Mortgage companies generally will require that both spouses sign the loan agreement – though there are cases where one spouse can seek a loan. Also, some people buy a home in their own name and then marry after the home purchase – which can further complicate the rights of a spouse in bankruptcy.

If you pay off the debt through a Chapter 13 bankruptcy, then the creditors shouldn’t come after your spouse once the debt is paid. Generally, if a debtor files for bankruptcy, then the trustee and creditors can’t proceed against your spouse or her credit while you’re paying off the debt.

If, however, both spouses are responsible for the debt, then once you are discharged, creditors can proceed to try to collect the balance of the debt from your spouse.

Eligibility to file a Chapter 7

In Chapter 7 cases, the bankruptcy court does consider the income of both spouses in deciding whether the debtor is eligible for a Chapter 7. If the combined incomes are too high, the main debtor may be forced to file a Chapter 13.

In Chapter 13, debtors generally take 3-5 years to pay off secured debts and pay a portion of any unsecured debts.

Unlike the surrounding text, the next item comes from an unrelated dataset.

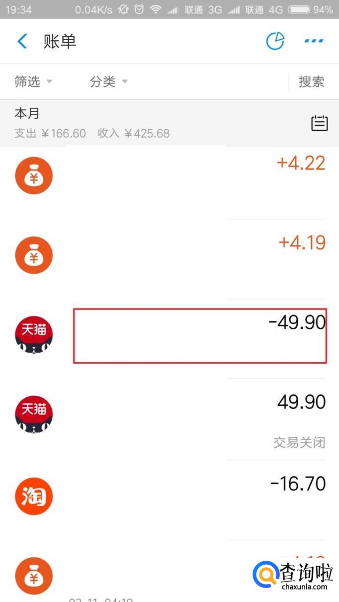 接下来,在账单页面中,选择已经购买的订单内容选项。

The income amount for the eligibility test should be reduced by the reasonable expenses your spouse needs to support himself/herself with. Your spouse’s income generally cannot be used to pay off any debts while you’re in bankruptcy.

The income factor applies to eligibility for a Chapter 7, not to the payment of your bills.

Practical considerations when a spouse files bankruptcy

In addition to the bankruptcy issues, there are domestic issues as well. Financial difficulties are often a contributing factor to divorce.

A spouse who is considering filing a bankruptcy should be honest with their spouse. They should also do what they can to protect their spouse. In some cases, a spouse may need separate legal counsel.

Additional considerations, both financial and domestic, may apply if the spouses divorce prior to, during, or after the bankruptcy filing date and the bankruptcy discharge date.

Married couples can file bankruptcy jointly. They don’t each have to file separate bankruptcy petitions.